Question

explain why the graph of the quadratic function (f(x)=x^{2}+x + 1) crosses the y - axis but does not cross the x - axis.

choose the correct answer below.

a. the graph does not cross the x - axis because the domain of (f(x)) is limited to positive values of (x). the graph crosses the y - axis because the range of (f(x)) is all real numbers.

b. the graph does not cross x - axis because it cannot be factored. the domain of (f(x)) is all real numbers, so the graph crosses the y - axis at (x = 0).

c. the graph does not cross the x - axis because there are no real solutions to the equation (f(x)=0). the domain of (f(x)) is all real numbers, so the graph crosses the y - axis at (y = 1) because that is the solution to the equation (f(y)=0).
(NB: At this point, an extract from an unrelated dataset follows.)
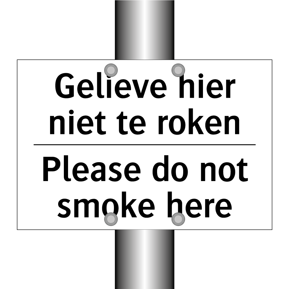Verbodsbord met de tekst Gelieve hier niet te roken en in het Engels: Please do not smoke here

d. the graph does not cross the x - axis because there are no real solutions to the equation (f(x)=0). the graph does cross the y - axis at (y = 1) because that is the solution to the equation (f(0)=0).

Explanation:

Step1: Recall x - and y - intercept concepts

The y - intercept of a function \(y = f(x)\) is found by setting \(x = 0\). For \(f(x)=x^{2}+x + 1\), when \(x = 0\), \(f(0)=0^{2}+0 + 1=1\), so the graph crosses the y - axis at \(y = 1\).
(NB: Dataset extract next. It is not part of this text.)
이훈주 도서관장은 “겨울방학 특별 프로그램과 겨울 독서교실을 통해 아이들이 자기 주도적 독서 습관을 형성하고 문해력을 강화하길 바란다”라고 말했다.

Step2: Analyze x - intercepts

The x - intercepts are found by solving \(f(x)=0\), i.e., \(x^{2}+x + 1 = 0\). Use the quadratic formula \(x=\frac{-b\pm\sqrt{b^{2}-4ac}}{2a}\) for a quadratic equation \(ax^{2}+bx + c = 0\). Here, \(a = 1\), \(b = 1\), \(c = 1\). Then the discriminant \(\Delta=b^{2}-4ac=1^{2}-4\times1\times1=1 - 4=- 3<0\). When \(\Delta<0\), there are no real solutions to the quadratic equation, so the graph does not cross the x - axis.

Answer:

D. The graph does not cross the x - axis because there are no real solutions to the equation \(f(x)=0\). The graph does cross the y - axis at \(y = 1\) because \(f(0)=1\).